INPUT RECORDS ::
^^^^^^^^^^^^^^^^

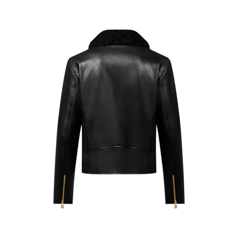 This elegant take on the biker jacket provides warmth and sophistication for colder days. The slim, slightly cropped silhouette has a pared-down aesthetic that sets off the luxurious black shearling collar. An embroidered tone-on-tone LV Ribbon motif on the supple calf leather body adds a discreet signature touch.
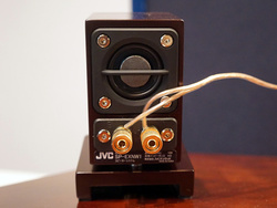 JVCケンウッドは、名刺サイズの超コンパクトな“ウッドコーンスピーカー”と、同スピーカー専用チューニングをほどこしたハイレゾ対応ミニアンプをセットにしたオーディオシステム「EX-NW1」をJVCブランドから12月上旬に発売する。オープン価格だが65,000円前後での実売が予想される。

^^^^^^^^^^^^^^^^

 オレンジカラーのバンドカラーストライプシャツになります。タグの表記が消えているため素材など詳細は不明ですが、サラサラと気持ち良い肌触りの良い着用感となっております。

^^^^^^^^^^^^^^^^

PROBLEM STATEMENT :: Leave out the images and write out the lines above exactly, from the one with "This elegant take" up to and including the one with "JVCケンウッドは、名刺サイ".

EXERCISE ANSWER ::
 This elegant take on the biker jacket provides warmth and sophistication for colder days. The slim, slightly cropped silhouette has a pared-down aesthetic that sets off the luxurious black shearling collar. An embroidered tone-on-tone LV Ribbon motif on the supple calf leather body adds a discreet signature touch.
 JVCケンウッドは、名刺サイズの超コンパクトな“ウッドコーンスピーカー”と、同スピーカー専用チューニングをほどこしたハイレゾ対応ミニアンプをセットにしたオーディオシステム「EX-NW1」をJVCブランドから12月上旬に発売する。オープン価格だが65,000円前後での実売が予想される。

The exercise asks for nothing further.